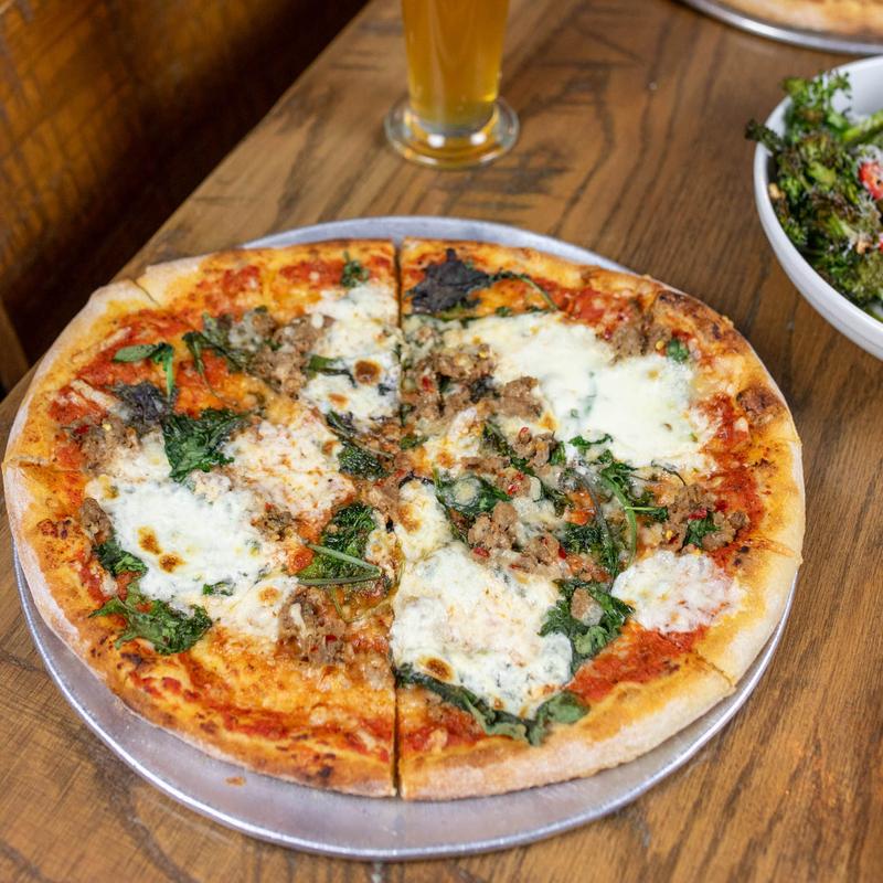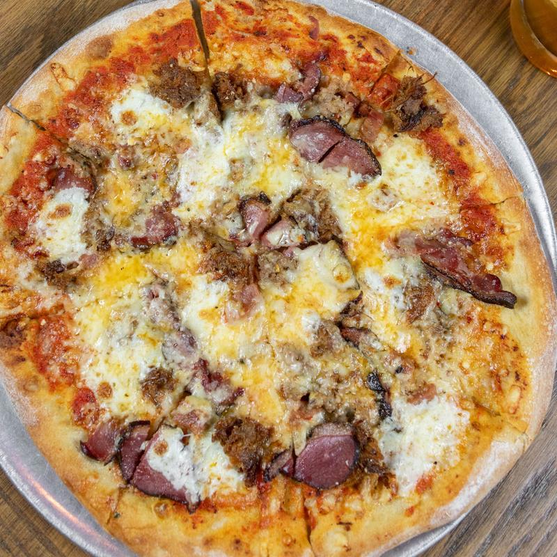 Tomato, sausage, soppressata, pork, duck ham, fontina, and mozzarella
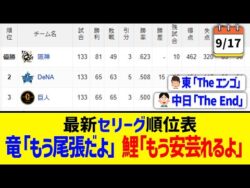 NPB【9月17日】最新セリーグ順位表 ~竜「もう尾張だよ」鯉「もう安芸れるよ」~ 1:名無しさん@お腹いっぱい2025.09.18(Thu) This is description#阪神タイガース #読売ジャイアンツ #広島カープ #横浜DeNAベイスターズ #東京ヤクルトスワローズ #中日ドラゴンズ #プロ野球ニュー... 2025.09.18NPB
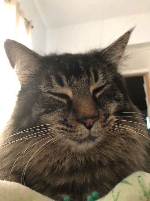 You would start meowing at Early o’clock A.M. to announce your hunger. On the weekends you let us sleep in a bit, but if we made eye contact with you, you’d start purring and lope up the bed to our heads and purr and knead until we were up. Sloppy and loud ❤

■ ■ ■ ■ ■

* [What to produce] Quote exactly the lines from the one that contains "#中日ドラゴンズ #プロ野球ニュー... 2025.09.18NPB" through the end of the listing above, both ends included, leaving out the pictures.

* [Answer space]
 NPB【9月17日】最新セリーグ順位表 ~竜「もう尾張だよ」鯉「もう安芸れるよ」~ 1:名無しさん@お腹いっぱい2025.09.18(Thu) This is description#阪神タイガース #読売ジャイアンツ #広島カープ #横浜DeNAベイスターズ #東京ヤクルトスワローズ #中日ドラゴンズ #プロ野球ニュー... 2025.09.18NPB
 You would start meowing at Early o’clock A.M. to announce your hunger. On the weekends you let us sleep in a bit, but if we made eye contact with you, you’d start purring and lope up the bed to our heads and purr and knead until we were up. Sloppy and loud ❤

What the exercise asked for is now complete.